Back to Hazelcast

019 - Memory Management

docs/design/jet/019-memory-management.md

5.6.03.2 KB
Original Source

Since: 5.0

Introduction

The memory management is used for the operations that accumulate a (potentially large) number of records:

  • sort
  • group/aggregate
  • join
  • stateful transform
  • distinct

Without means to control memory consumption, these operations could lead to OutOfMemoryErrors and destabilization of entire cluster.

Possible Solutions

1. Fine-grained memory management

Control very precisely (with byte level granularity) how much memory each operator uses at any given time. All member's operators share a memory pool they acquire from and release to.

Pros

  • accurate

Cons

  • requires substantial effort to implement and might be tricky to get right
  • might potentially affect performance

2. Coarse-grained memory management

Control number of records Processors can hold on to. The record might mean different things for different operations - i.e. for sorting it's an individual item, for grouping it's a distinct key.
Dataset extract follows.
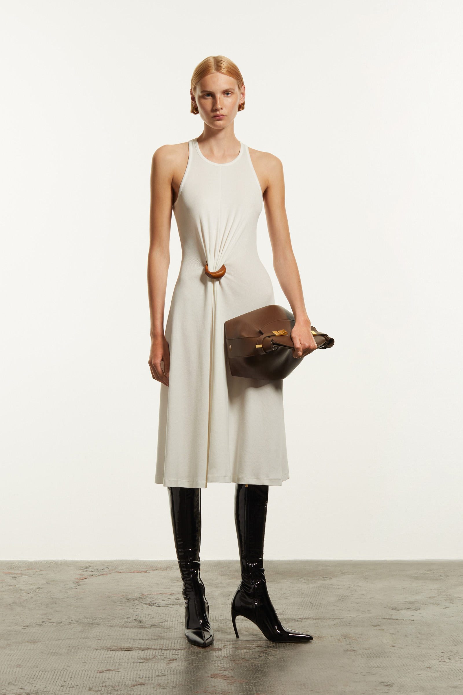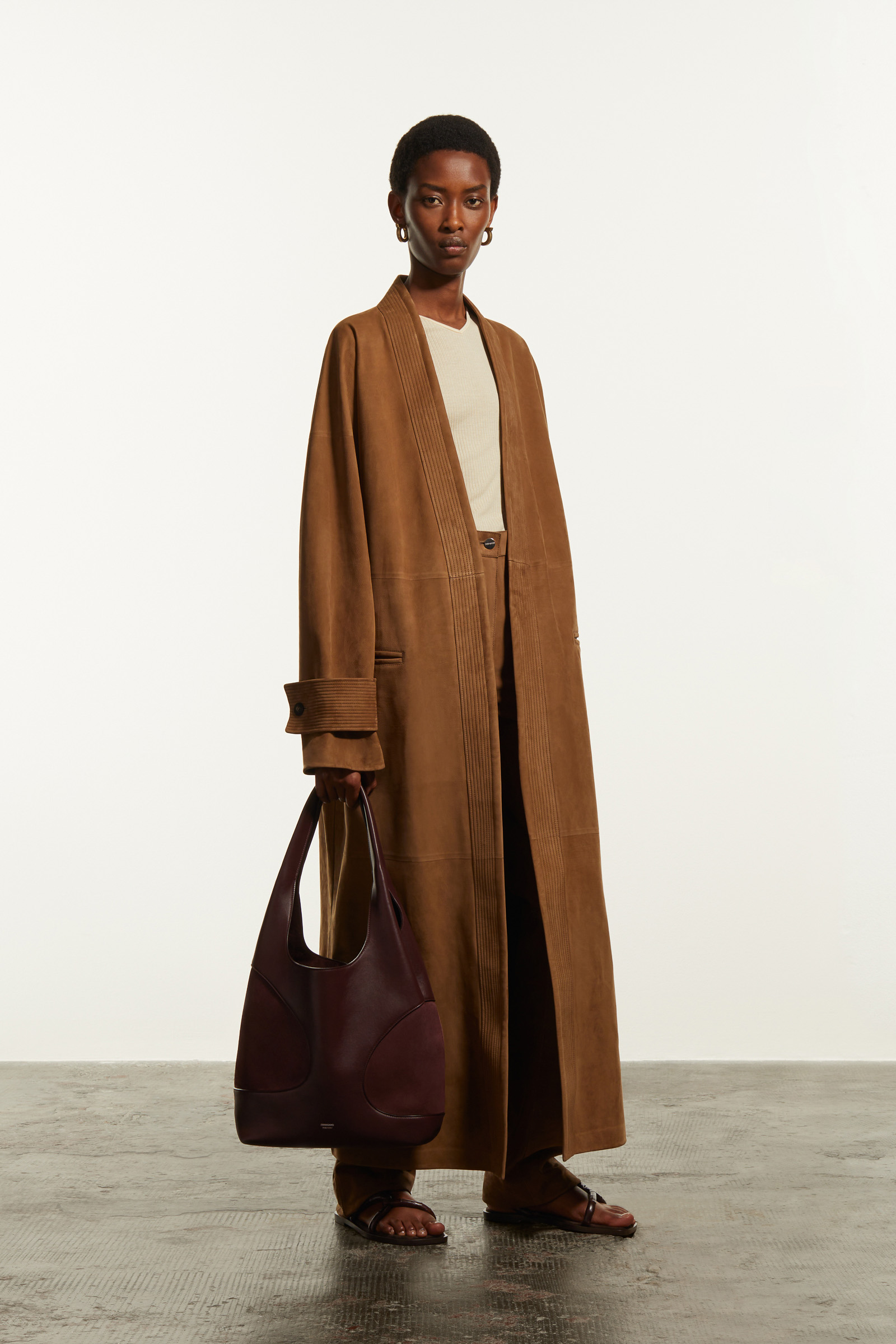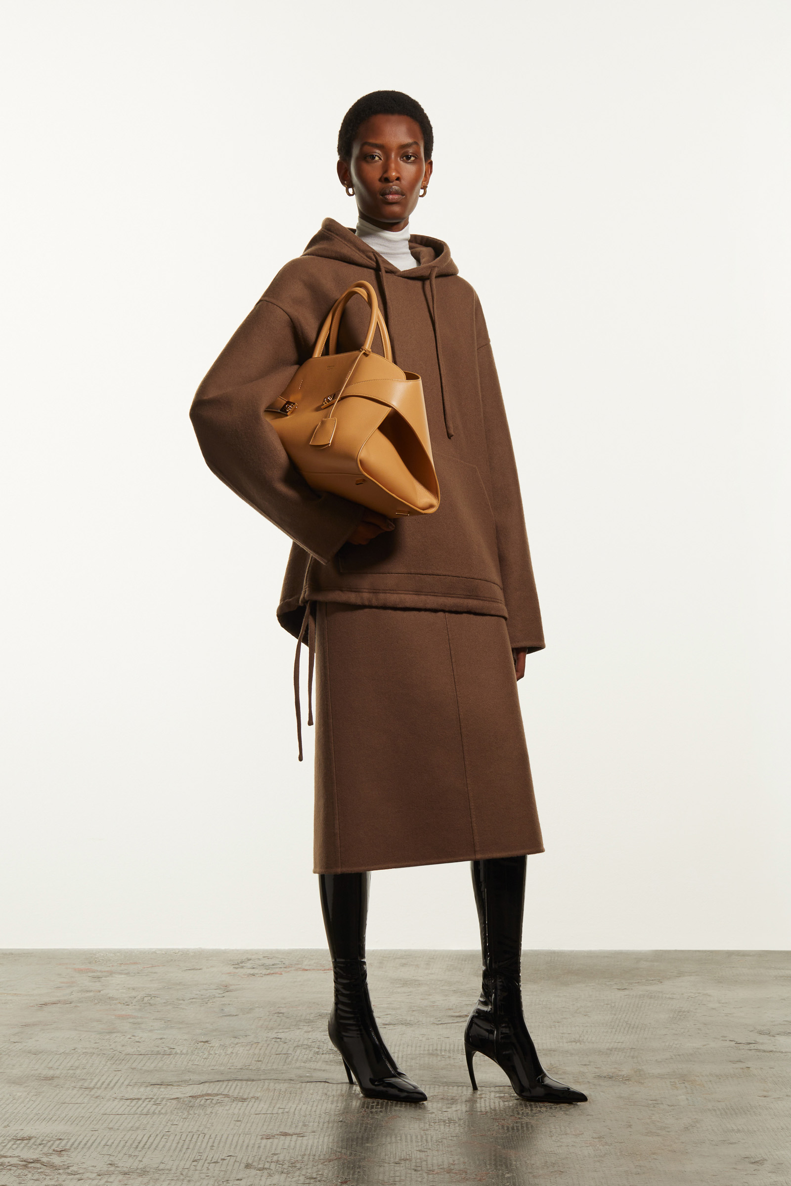 Part of the designer’s game is to upgrade the sporty to a chicer status. Case in point was a classic flight jacket, elevated via a round, mid-century couture-ish volume that was proposed with a midi A-line skirt for a sort of new skirt suit template. Shape-holding yet smooth nubuck leather in a soft shade of caramel highlighted the sensuous touch Davis often adds to clean, linear constructions.
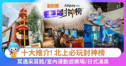 新假期 x AlipayHK 北上必玩封神榜強勢登場!為你精選大灣區最新、最熱門的玩樂好去處,輕鬆規劃精彩北上行程。9月特別整合10大必玩項目,包括「耳遇采耳館」的舒適休閒、「深圳不可思議運動街區」及「「光明區大飛船」科技館新館」的刺激娛樂體驗、以及「深圳甘坑古鎮」的文化歷史沉浸體驗。立即開啟AlipayHK,領取專屬優惠券,享高達$262禮券優惠,讓你北上玩樂更盡興、消費更划算!

The limit applies to each Processor instance separately, hence the effective limit of records accumulated by each cluster member is influenced by the vertex's localParallelism and the number of jobs in the cluster.

Pros

  • simple and easy to implement
  • effect on performance is negligible

Cons

  • not accurate
  • might still lead to OutOfMemoryErrors due to variable object sizes

Design

We've chosen the second option since it's simple. We might reconsider it if it turns out that current solution is not enough.

Implementation

Allow configuring maxProcessorAccumulatedRecords for the member:

<!--DOCUSAURUS_CODE_TABS--> <!--Java-->
java
public class InstanceConfig {

      public void setMaxProcessorAccumulatedRecords(long maxProcessorAccumulatedRecords) {
        checkPositive(maxProcessorAccumulatedRecords, "maxProcessorAccumulatedRecords must be a positive number");
        this.maxProcessorAccumulatedRecords = maxProcessorAccumulatedRecords;
    }
}
<!--YAML-->
yaml
  jet:
    instance:
      max-processor-accumulated-records: 1000000000
<!--XML-->
xml
  <jet>
    <max-processor-accumulated-records>1000000000</max-processor-accumulated-records>
  </jet>
<!--END_DOCUSAURUS_CODE_TABS-->

as well as for the job:

java
public class JobConfig implements IdentifiedDataSerializable {

    public JobConfig setMaxProcessorAccumulatedRecords(long maxProcessorAccumulatedRecords) {
        checkTrue(maxProcessorAccumulatedRecords > 0 || maxProcessorAccumulatedRecords == -1,
              "maxProcessorAccumulatedRecords must be a positive number or -1");
        this.maxProcessorAccumulatedRecords = maxProcessorAccumulatedRecords;
        return this;
    }
}

To not break backward compatibility the default value of maxProcessorAccumulatedRecords for JobConfig is -1 and for InstanceConfig it is Long.MAX_VALUE. JobConfig's value, if set, has precedence over InstanceConfig's one.

maxProcessorAccumulatedRecords is accessible for Processors via ProcessorMetaSupplier.Context.maxProcessorAccumulatedRecords().

Processors track number of accumulated records individually and throw com.hazelcast.jet.impl.memory.AccumulationLimitExceededException if limit is exceeded which fails the job.